=== Begin Enclosure ===

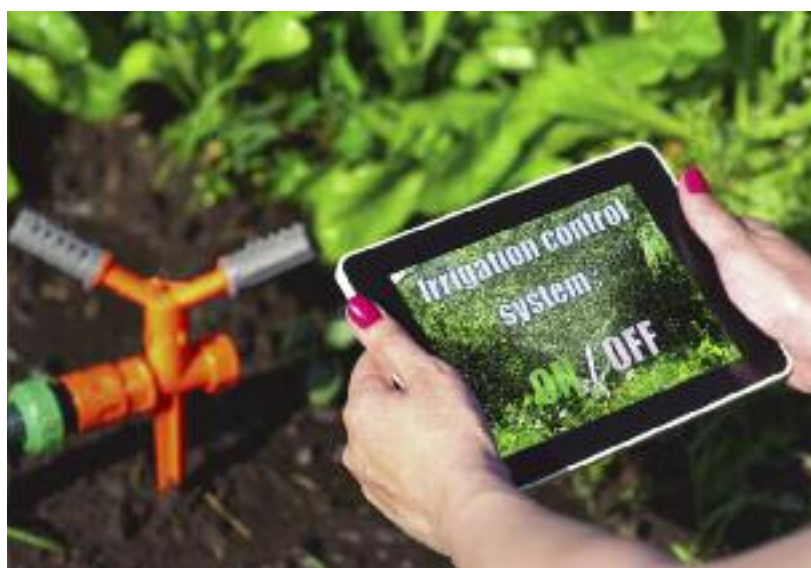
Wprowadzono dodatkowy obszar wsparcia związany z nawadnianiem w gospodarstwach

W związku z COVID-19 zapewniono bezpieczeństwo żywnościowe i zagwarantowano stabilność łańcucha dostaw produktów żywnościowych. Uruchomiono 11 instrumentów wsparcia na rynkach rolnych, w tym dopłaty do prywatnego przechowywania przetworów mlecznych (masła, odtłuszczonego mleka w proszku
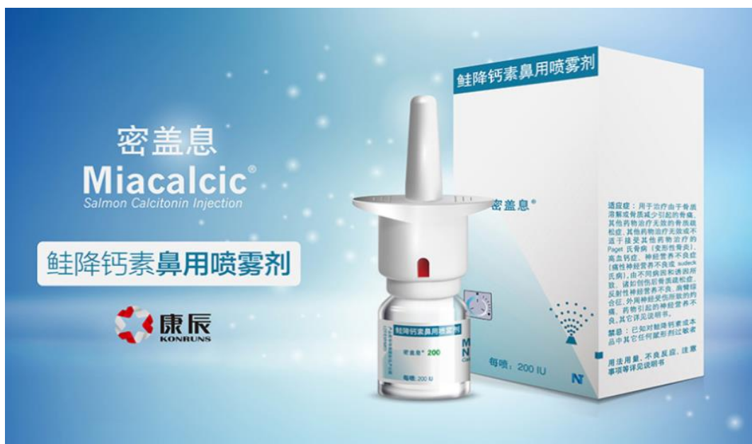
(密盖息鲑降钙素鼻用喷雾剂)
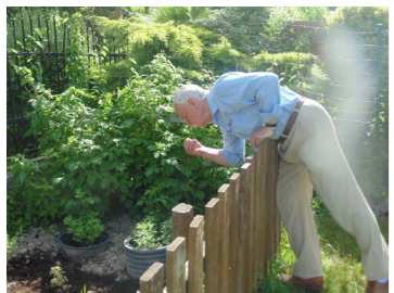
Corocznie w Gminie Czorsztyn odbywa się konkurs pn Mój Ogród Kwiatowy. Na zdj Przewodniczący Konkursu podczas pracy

=== End Enclosure ===

Your copy should hold only the lines from the one containing "W związku z" through the last line of the listing, both included, retyped exactly and free of pictures.

W związku z COVID-19 zapewniono bezpieczeństwo żywnościowe i zagwarantowano stabilność łańcucha dostaw produktów żywnościowych. Uruchomiono 11 instrumentów wsparcia na rynkach rolnych, w tym dopłaty do prywatnego przechowywania przetworów mlecznych (masła, odtłuszczonego mleka w proszku
(密盖息鲑降钙素鼻用喷雾剂)
Corocznie w Gminie Czorsztyn odbywa się konkurs pn Mój Ogród Kwiatowy. Na zdj Przewodniczący Konkursu podczas pracy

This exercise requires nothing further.